Ramadan – Os fatos desmentem esse tipo de ideia. Entre os envolvidos no 11 de Setembro e no 7 de julho (dia dos atentados ao transporte público de Londres, em 2005) havia muitas pessoas ricas e até estudantes de doutorado. A pessoa pobre não se torna mais radical ou faz essa “reconvesão” à religião por conta de sua condição social. Essa é uma visão simplista demais. Muitos dos que estão se tornando radicais são educados e estão em sociedades altamente industrializadas.

A que o senhor atribui o crescimento do fundamentalismo?

Ramadan – Gostaria de dizer que não uso o termo fundamentalismo. Chamo as posições conservadoras de literalismo e a matança de inocentes de extremismo. O primeiro fenômeno pode ser uma forma de se proteger da sociedade tirânica e o segundo é fruto de uma visão política superficial e estreita sobre como devemos lidar com o ocidente. Eles acham que matando pessoas vão mudar o que eu chamo de “imperialismo ocidental”, mas isso é anti-muçulmano.

Os Estados Unidos ainda estão tentando implantar uma democracia de moldes ocidentais no Iraque. No Afeganistão, há uma tendência a buscar um diálogo até com o Taleban. Como o senhor analisa a instalação de uma democracia ocidental em um país muçulmano?

Ramadan – Não é possível impor uma democracia. É preciso dividir valores como Estado democrático de direito, igualdade dos cidadãos, sufrágio universal, separação de poderes e prestação de contas. Mas o modelo de democracia deve vir de dentro da sociedade, pois tem a ver com a história e a psicologia coletiva.

Em janeiro, o departamento de Estado americano suspendeu o veto que proibia sua entrada no país. Como o senhor recebeu essa notícia?

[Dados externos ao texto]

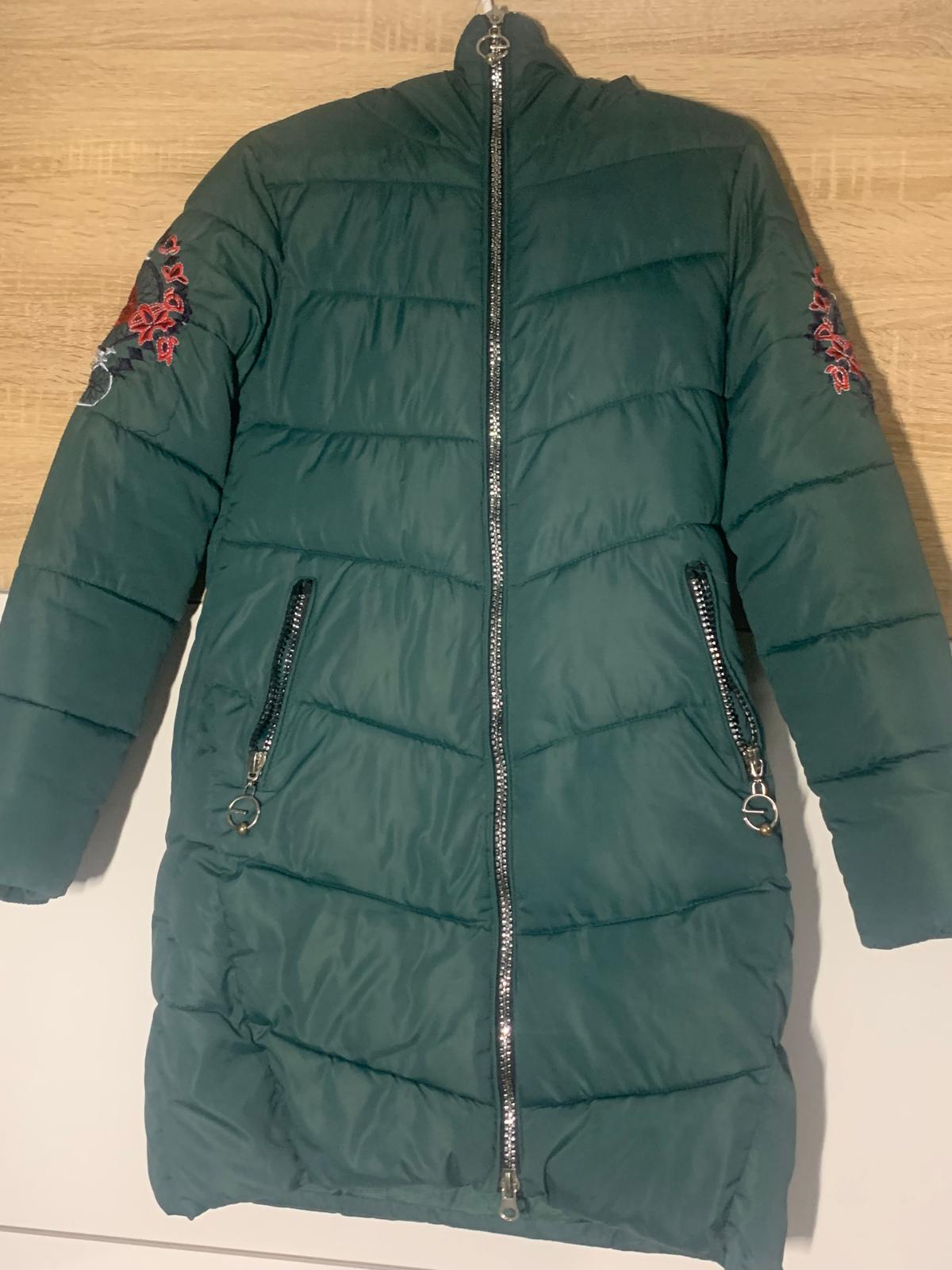 Zimu a bunda, vyšívané doplnky na rukávoch, píšu vek 11-12 rokov

Ramadan – Para mim foi muito bom, porque limpa meu nome de forma definitiva. Eu não vou mais morar nos EUA, mas o primeiro momento da revogação do visto foi muito ruim para mim. Meus filhos já estavam matriculados em escolas americanas e estava tudo pronto para a mudança. Depois percebi que, com a administração Bush, tudo seria possível, e tudo foi possível. A minha conclusão é que ser banido pela administração Bush é, mais que qualquer outra coisa, uma honra.